The Seattle Police Officers Guild (Guild) is a private labor union representing Seattle police officers on labor and employment issues. In November 2002, in anticipation of new contract negotiations with the City of Seattle, the Guild gave the City a list of issues it planned to address in the negotiations. In return, the City provided the Guild with its list of issues for negotiation. The ACLU requested a copy of both lists under the Act, chapter 42.17 RCW. The City refused to disclose the lists because it believed they were exempt from disclosure under the Act. The ACLU then filed a lawsuit to force the City to disclose the lists. Neither party requested in camera review of the documents, and the trial court did not review them. The trial court ruled in favor of the City, concluding that the lists were exempt from the Act because they were part of the deliberative process. It also ruled that the OPMA protected the documents from disclosure. The ACLU appeals.

ANALYSIS

I. Public Disclosure Act

“The public records portion of the public disclosure act.. . requires all state and local agencies to disclose any public record upon request, unless the record falls within certain very specific exemptions.”1 The purpose of the Act is to ensure that the people of Washington remain sovereign and that public officials and institutions remain account[549]*549able to the people for their decisions.2 The Act’s provisions must be liberally construed to promote the public policy, and exemptions from it must be strictly construed.3 When an agency refuses to disclose information, it bears the burden of proving that its refusal is valid based on one of the exemptions included in the Act.4

RCW 42.17.310(l)(i) exempts from disclosure

[preliminary drafts, notes, recommendations, and intra-agency memorandums in which opinions are expressed or policies formulated or recommended except that a specific record shall not be exempt when publicly cited by an agency in connection with any agency action.

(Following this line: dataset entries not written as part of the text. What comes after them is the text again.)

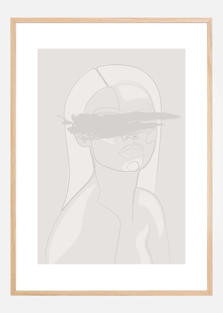 Un póster abstracto con una mujer con los ojos cubiertos. Esta imagen tenue en blanco y gris muestra la cabeza y los hombros de una mujer en formas de bloques y líneas. Un toque de color cubre los ojos, creando misterio alrededor de la mujer. Un fuerte borde blanco la enmarca, perfecto para colgar en una pared de color audaz en el hogar.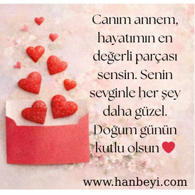 Karşılıksız sevginin, fedakârlığın eş anlamlı kelimesi anne. Doğum gününü en içten dileklerimle kutlarım. Benden hiç ayrılmayasın anacım. Seni çok seviyorum.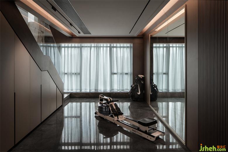 客廳和健身區(qū),擁有絕佳的視野,得益於建築本身的高度和朝向,TRID添睿室內(nèi)設(shè)計(jì)使得大面積的落地窗不僅讓室內(nèi)采光極好,自然更與空間相互融合,家人在這裏享受歡愉時(shí)光。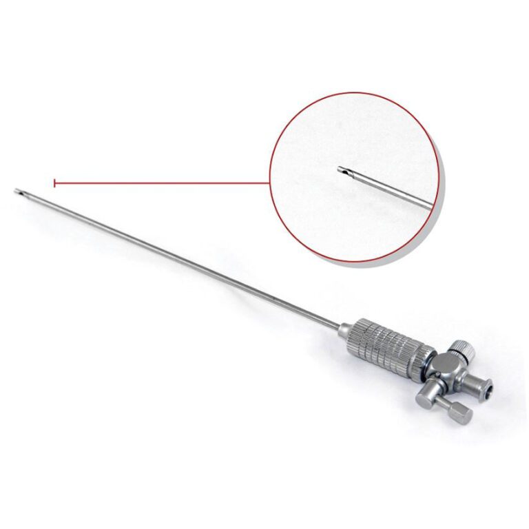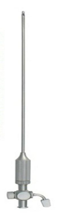 Standard Co2 Insufflation Needle used in veterinary laparoscopy procedures. Comes in various lengths for various sized patients. Sharpened tip for quick insertion.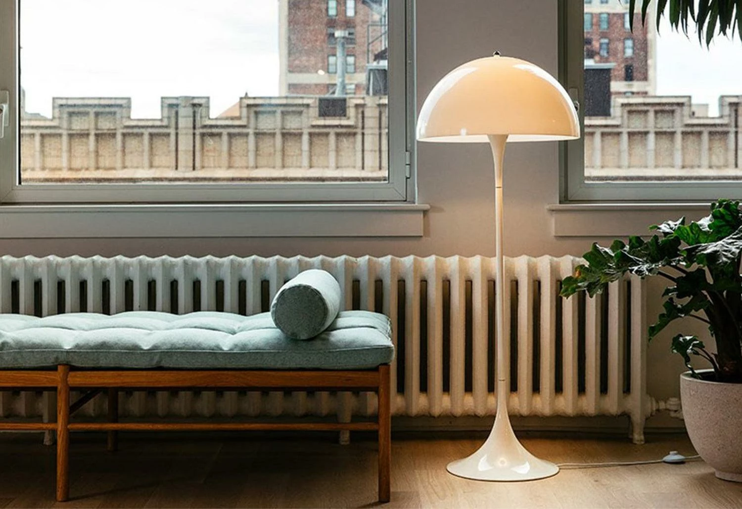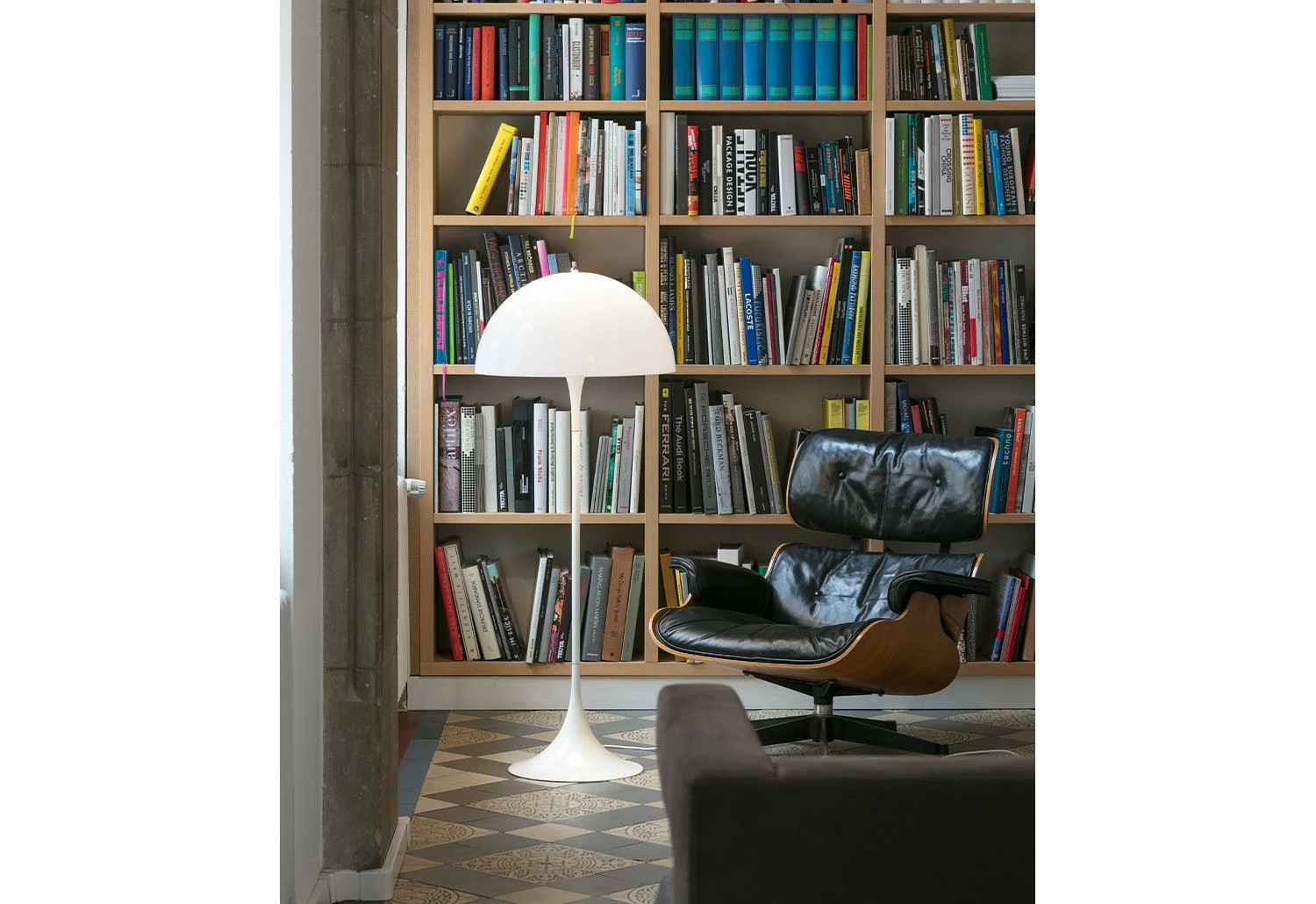 The Panthella floor light has a hemispherical shade designed to emit a soft and comfortable light while conveying Panton’s playful pop sensibility. The flared base acts as a reflector that assists the distribution of light while creating a formal echo of the shade. The resulting design is beautifully balanced as well as efficient.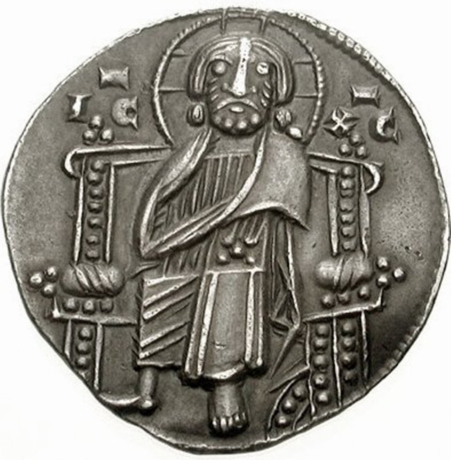 Pierwsze egzemplarze wyemitowano w latach 1295-1304. Na awersie posiadały wizerunek Chrystusa na tronie, na rewersie umieszczono postacie stojących obok siebie władców Andronika II i Michała IX.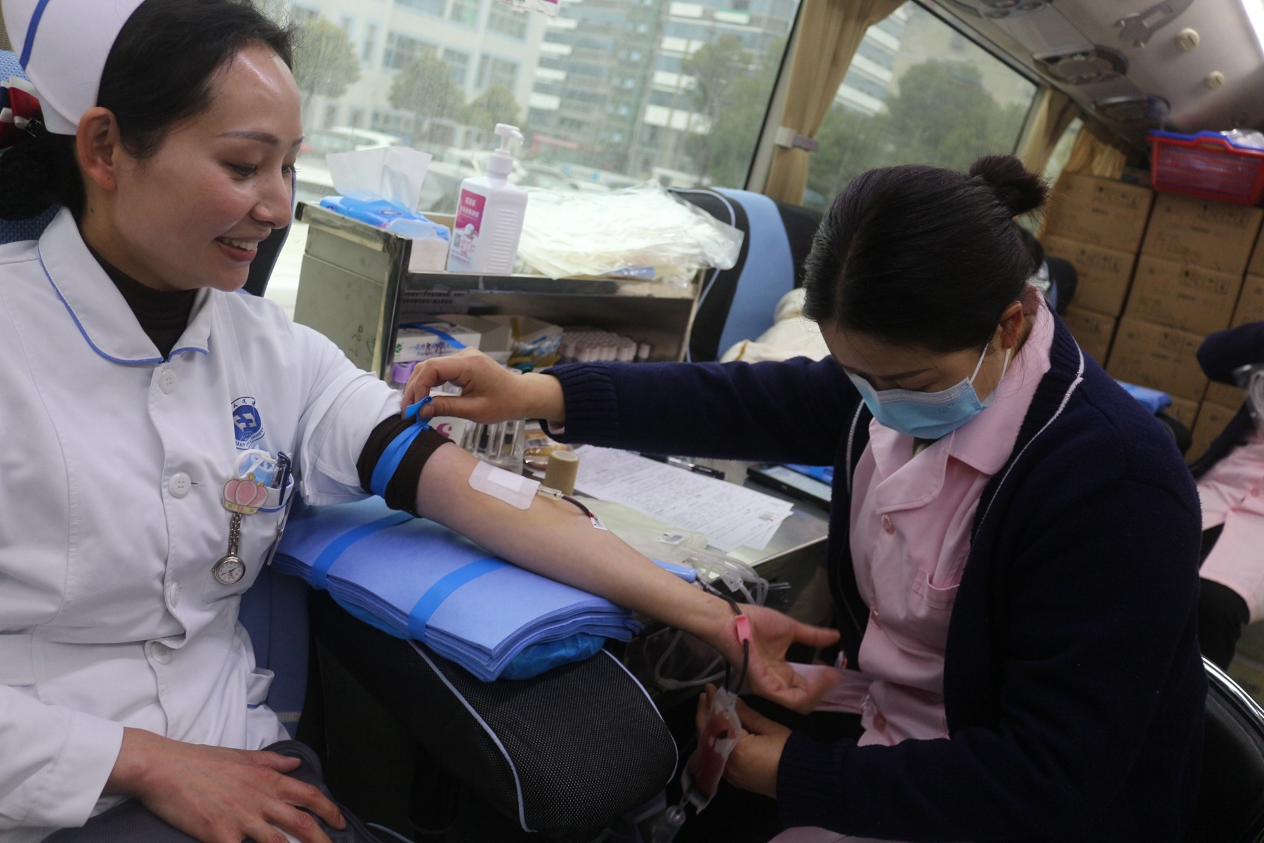 县人民医院组织医护人员无偿献血。(裴中东 屈振坤 摄)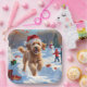 Un Goldendoodle moelleux court à travers la scène hivernale enneigée, portant un casquette de Noël rouge festif. Ce design animé met en valeur le manteau bouclé de la race, la nature affectueuse et la personnalité joyeuse tout en capturant l'esprit joyeux de la saison des fêtes. Un moment d'hiver plein de charme festif.

The purpose of this deliberative process exemption — protecting the give-and-take of deliberations that are necessary to formulate agency policy — severely limits the scope of the exemption.5 6In order to invoke this exemption,

an agency must show that [1] the records contain predecisional opinions or recommendations of subordinates expressed as part of a deliberative process; [2] that disclosure would be injurious to the deliberative or consultative function of the process; [3] that disclosure would inhibit the flow of recommendations, observations, and opinions; and [4] . .. that the materials covered by the exemption reflect policy recommendations and opinions and not the raw factual data on which a decision is based.[6]

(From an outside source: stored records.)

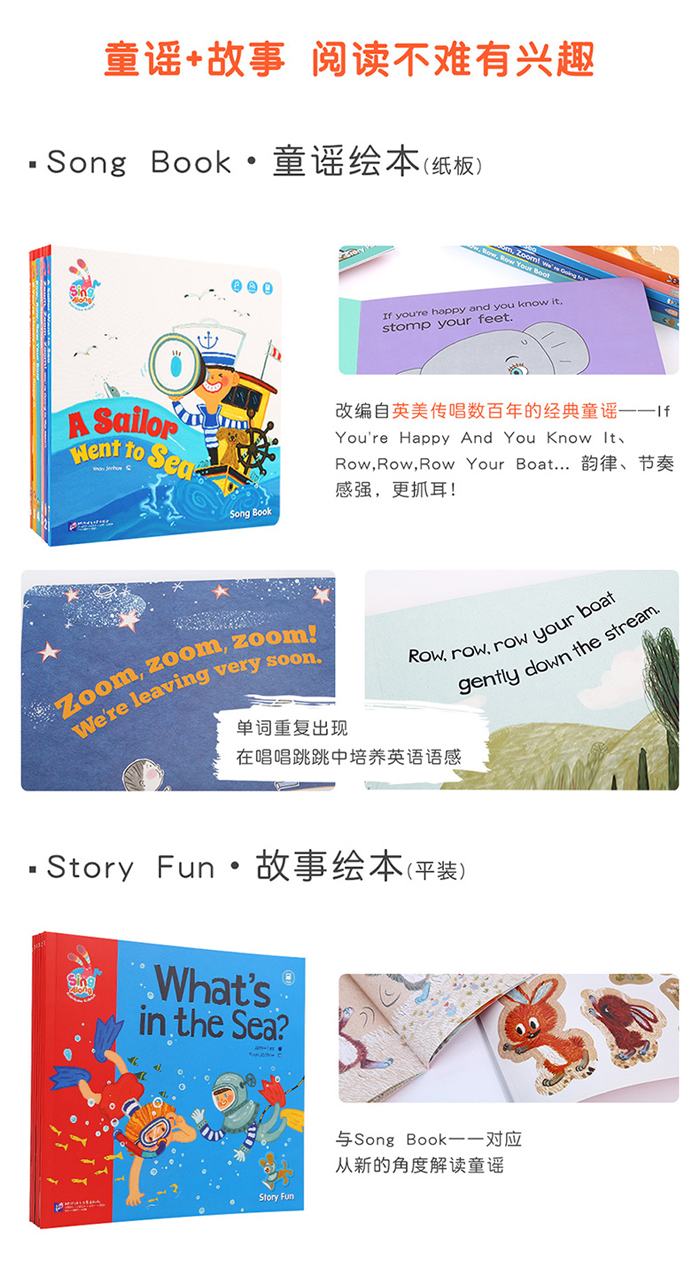 彩虹兔 Sing Along欢唱童谣英文 进口原版书籍(第1辑)【平装+纸板】(点读版)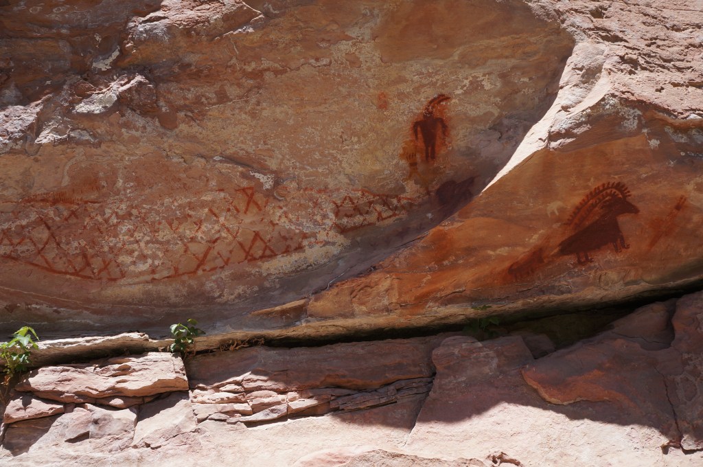 The spur trail continues for 1/10 mile or so and eventually connects back with the main trail. But soon after this initial foray, a second spur heads right again – this one leading to the much more impressive Deluge Shelter Pictographs. Unlike petroglyphs, which are carved into the rock, petroglyphs use pigments to “paint” the surface, producing more dramatic illustrations.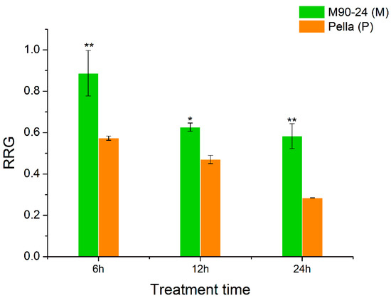 In Equation (1), root growth (RG) is the difference between the average root length after 6, 12, or 24 h of treatment (RLt) and the average root length before (0 h) treatment (RL0). In Equation (2), RRG is the ratio of RG under Al treatment and control.

An appellate court reviews de novo a trial court’s decision about whether documents or records fall under an exemption to the Act.7

We must determine in this case whether the lists qualify as “predecisional opinions or recommendations . . . [550]*550expressed as part of the deliberative process.”8 Resolving this question turns on how the lists were generated and their function in the context of the decision-making process. We have only the parties’ differing characterizations of the lists on which to resolve this issue. The ACLU asserts that the lists are each party’s final decision on which issues are important to them in the bargaining process. The City counters that the issue lists include opinions about what the negotiators may discuss and do not contain final policy decisions. The City characterizes them as a “wish list or tentative agenda” for issues both parties will resolve in the upcoming “give-and-take” negotiations that precede the final policy decision by the city council. While the City has seen the lists and the ACLU has not, we do not think it wise to adopt one party’s characterization without subjecting it to a neutral, independent review. Without more information about the lists, such as what they actually contain, how they were generated, and who generated them, neither we nor the trial court can properly determine whether they are exempt from disclosure under the Act.9 Accordingly, we remand for in camera review in the trial court.10 We do not, however, need to review the lists to resolve several other issues the parties have raised and briefed. In the interest of judicial economy, we address them below.

The ACLU asserts that the issue lists in this case do not fall under the Act’s deliberative process exemption because they are not intra-agency records, nor were they prepared by a governmental agency or a “subordinate,” and the City has not shown that disclosure would be injurious to the [551]*551deliberative function or inhibit the flow of recommendations, observations, and opinions. We disagree.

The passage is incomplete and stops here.